In some cases, weight-loss surgery, also called bariatric surgery, is an option. Weight-loss surgery offers the best chance of losing the most weight, but it can pose serious risks. Weight-loss surgery limits the amount of food you’re able to comfortably eat or decreases the absorption of food and calories, or both.
Weight-loss surgery for obesity may be considered if:
- You have extreme obesity, with a body mass index (BMI) of 40 or higher
- Your BMI is 35 to 39.9, and you also have a serious weight-related health problem, such as diabetes or high blood pressure
- You’re committed to making the lifestyle changes that are necessary for surgery to work
Weight-loss surgery can often help you lose as much as 50 percent or more of your excess body weight. But weight-loss surgery isn’t a miracle obesity cure. It doesn’t guarantee that you’ll lose all of your excess weight or that you’ll keep it off long term. Weight-loss success after surgery depends on your commitment to making lifelong changes in your eating and exercise habits.
There are numerous types of weight-loss surgery. Some types cause weight loss by restricting how much your stomach can hold. Others prevent your body from absorbing calories and nutrients. Others are a combination of these two types.
Preventing weight regain after obesity treatment
Unfortunately, it’s common to regain weight no matter what obesity treatment methods you try. But that doesn’t mean your weight-loss efforts are futile.

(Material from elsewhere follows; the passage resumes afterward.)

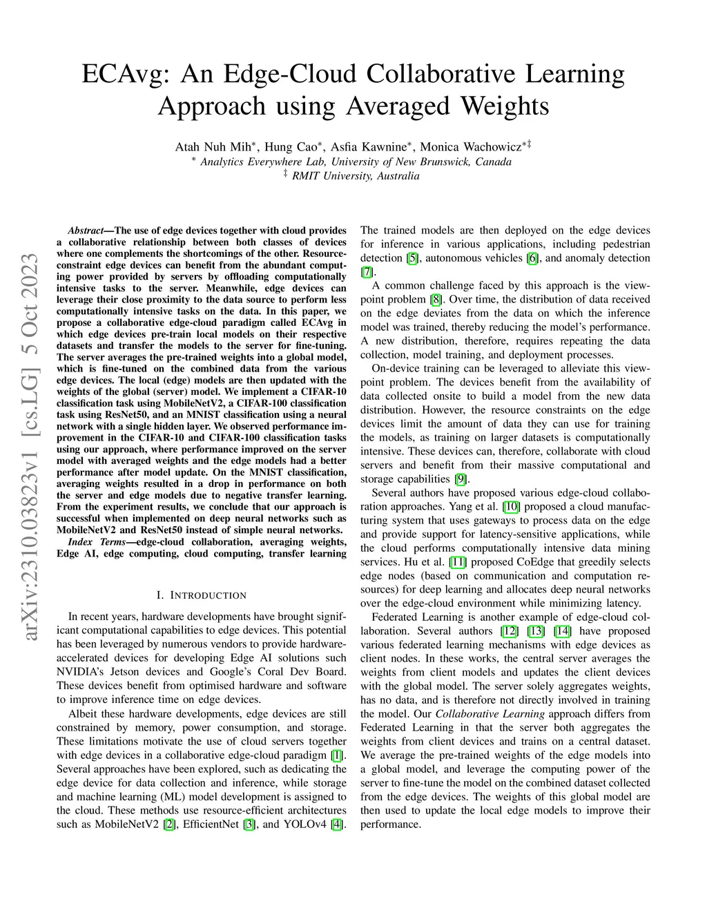 The use of edge devices together with cloud provides a collaborative relationship between both classes of devices where one complements the shortcomings of the other. Resource-constraint edge devices can benefit from the abundant computing power provided by servers by offloading computationally intensive tasks to the server. Meanwhile, edge devices can leverage their close proximity to the data source to perform less computationally intensive tasks on the data. In this paper, we propose a collaborative edge-cloud paradigm called ECAvg in which edge devices pre-train local models on their respective datasets and transfer the models to the server for fine-tuning. The server averages the pre-trained weights into a global model, which is fine-tuned on the combined data from the various edge devices. The local (edge) models are then updated with the weights of the global (server) model. We implement a CIFAR-10 classification task using MobileNetV2, a CIFAR-100 classification task using ResNet50, and an MNIST classification using a neural network with a single hidden layer. We observed performance improvement in the CIFAR-10 and CIFAR-100 classification tasks using our approach, where performance improved on the server model with averaged weights and the edge models had a better performance after model update. On the MNIST classification, averaging weights resulted in a drop in performance on both the server and edge models due to negative transfer learning. From the experiment results, we conclude that our approach is successful when implemented on deep neural networks such as MobileNetV2 and ResNet50 instead of simple neural networks.

One of the best ways to prevent regaining the weight you’ve lost is getting regular physical activity. Keep track of your physical activity if it helps you stay motivated and on course. As you lose weight and gain better health, talk to your doctor about what additional activities you might be able to do and, if appropriate, how to give your activity and exercise a boost.
You may always have to remain vigilant about your weight. Combining a healthier diet and more activity is the best way to lose weight and keep it off for the long term. If you take weight-loss medications, big chances are to regain weight when you stop taking them. You might even regain weight after weight-loss surgery if you continue to overeat or eat foods laden with fat and calories.
Take your weight loss and weight maintenance one day at a time and surround yourself with supportive resources to help ensure your success. Find a healthier way of living that you can stick with for the long term.